Task goal:
Your output should be the complete listing, word for word, with no pictures in it.

Source material:

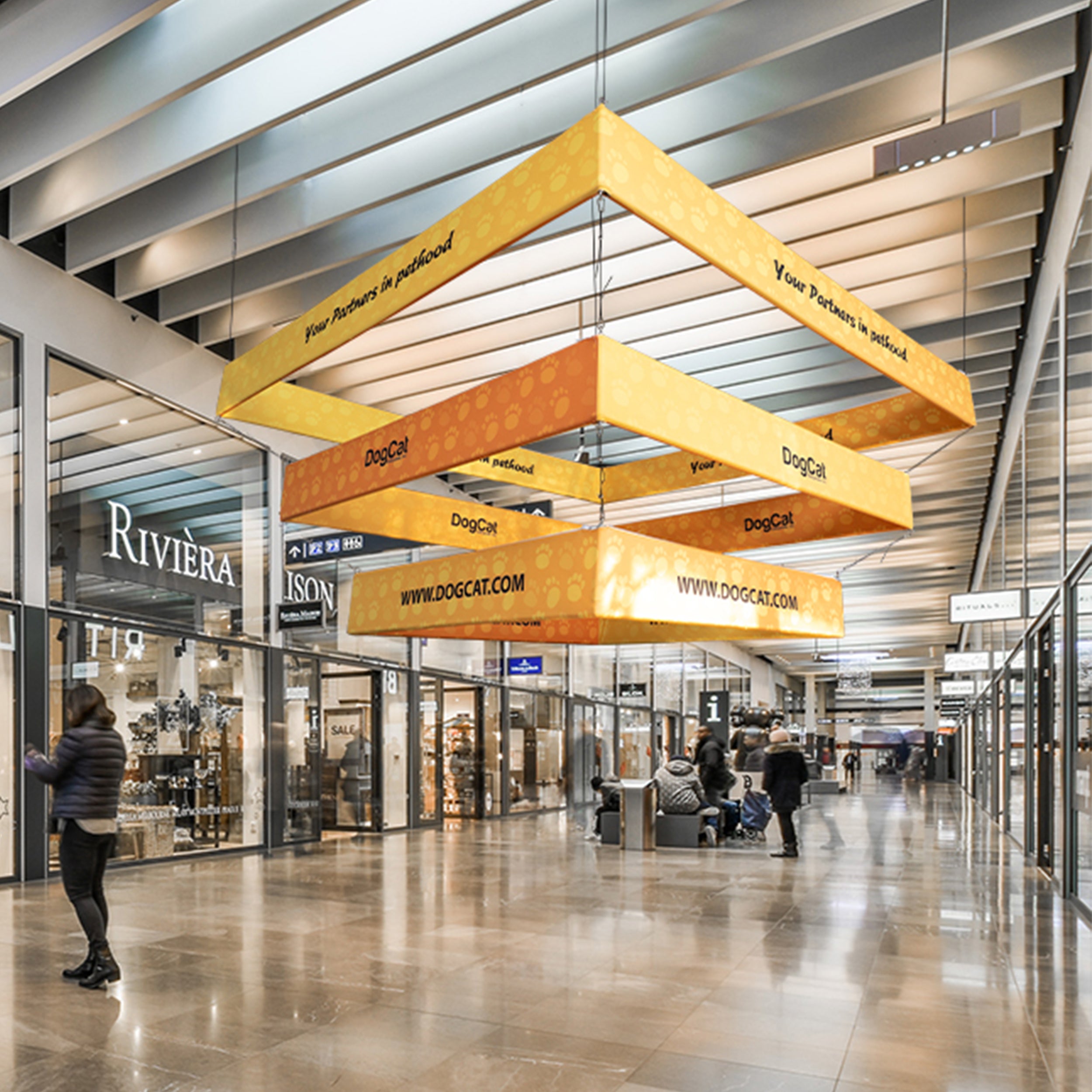 Steel cables and carabiners are rated for secure overhead suspension, with multiple anchor points per frame for stability. The 240 GSM flame-retardant fabric meets indoor fire safety regulations. Separate frame systems ensure the display remains functional even if one tier requires maintenance.
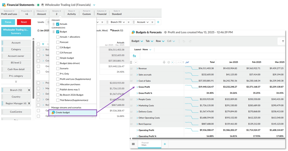 The Financial Statements and Budgets & Forecasts modules work together to provide a comprehensive budgeting solution catering to several scenarios. This page explains how to combine the features of both modules to budget effectively by region and branch. You can adapt this information to meet your individual needs.
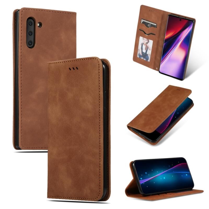 Ρετρό δέρμα αίσθηση Business μαγνητική οριζόντια Flip δερμάτινη θήκη για Galaxy Note 10(Brown)

Result of the task:
 Steel cables and carabiners are rated for secure overhead suspension, with multiple anchor points per frame for stability. The 240 GSM flame-retardant fabric meets indoor fire safety regulations. Separate frame systems ensure the display remains functional even if one tier requires maintenance.
 The Financial Statements and Budgets & Forecasts modules work together to provide a comprehensive budgeting solution catering to several scenarios. This page explains how to combine the features of both modules to budget effectively by region and branch. You can adapt this information to meet your individual needs.
 Ρετρό δέρμα αίσθηση Business μαγνητική οριζόντια Flip δερμάτινη θήκη για Galaxy Note 10(Brown)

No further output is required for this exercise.